| Exercise description |
Give the listing again exactly, skipping any pictures it holds.
== Collected data
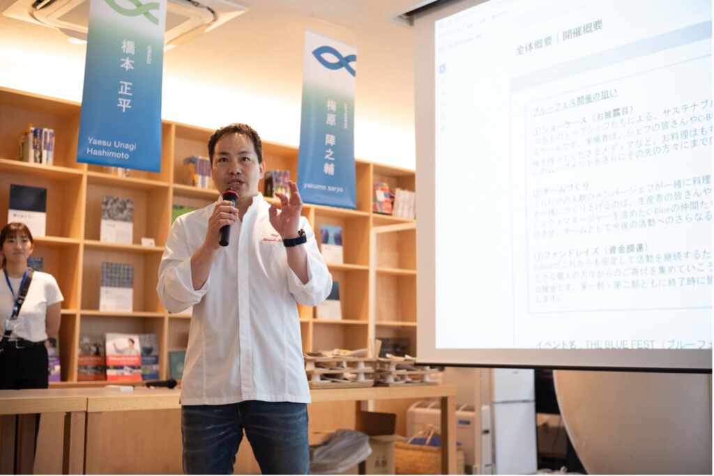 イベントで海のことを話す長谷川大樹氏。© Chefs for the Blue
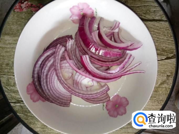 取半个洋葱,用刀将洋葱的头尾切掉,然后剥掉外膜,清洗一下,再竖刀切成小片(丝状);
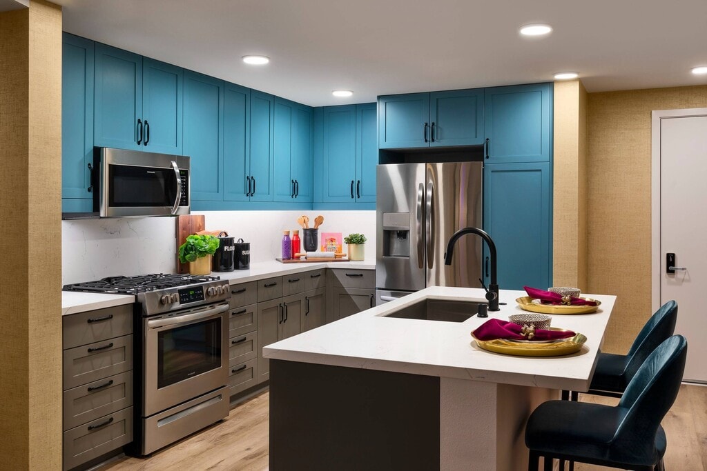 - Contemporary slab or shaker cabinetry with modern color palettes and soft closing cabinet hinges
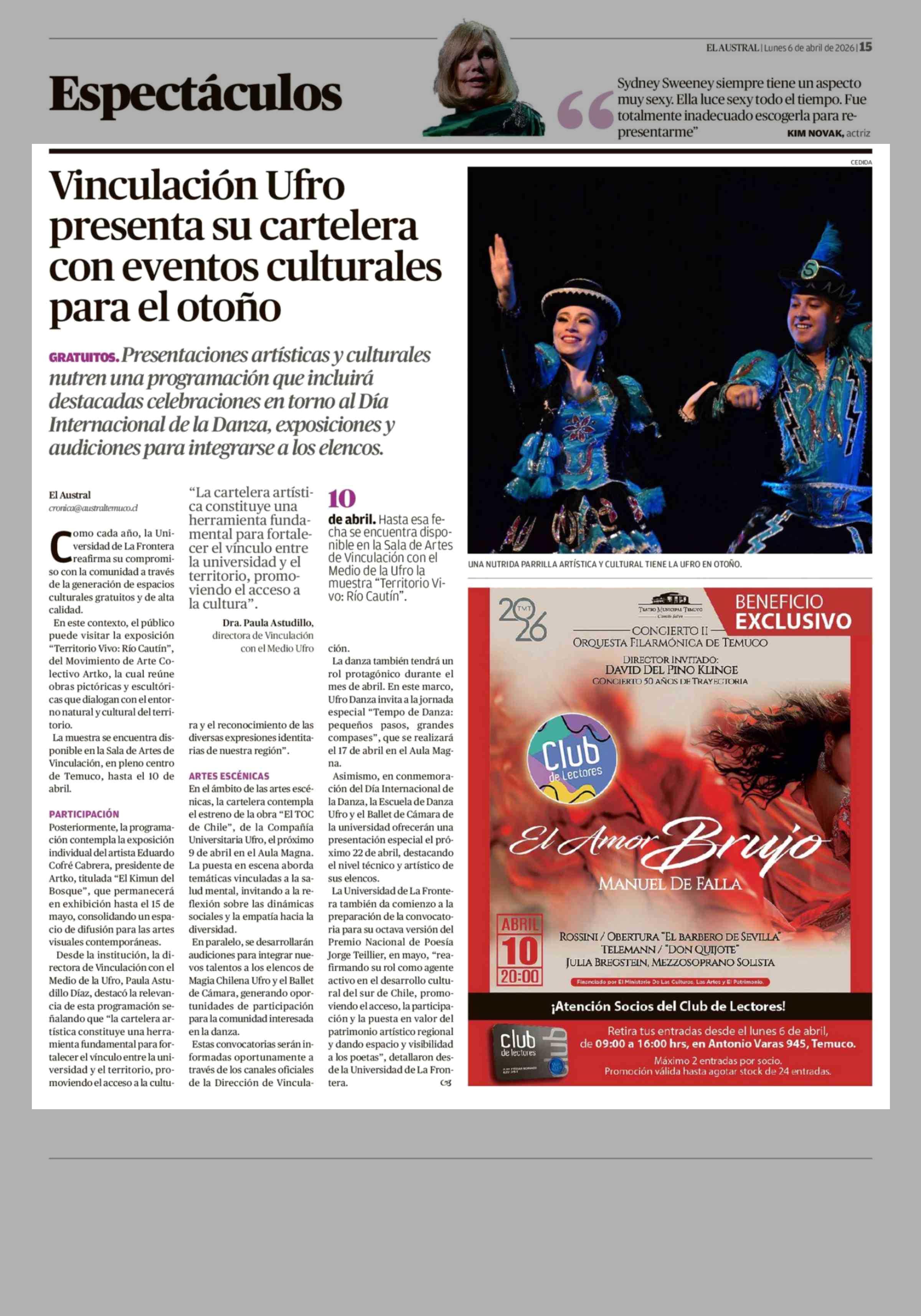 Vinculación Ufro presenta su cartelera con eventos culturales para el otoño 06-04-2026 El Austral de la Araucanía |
====
| Task output |
 イベントで海のことを話す長谷川大樹氏。© Chefs for the Blue
 取半个洋葱,用刀将洋葱的头尾切掉,然后剥掉外膜,清洗一下,再竖刀切成小片(丝状);
 - Contemporary slab or shaker cabinetry with modern color palettes and soft closing cabinet hinges
 Vinculación Ufro presenta su cartelera con eventos culturales para el otoño 06-04-2026 El Austral de la Araucanía |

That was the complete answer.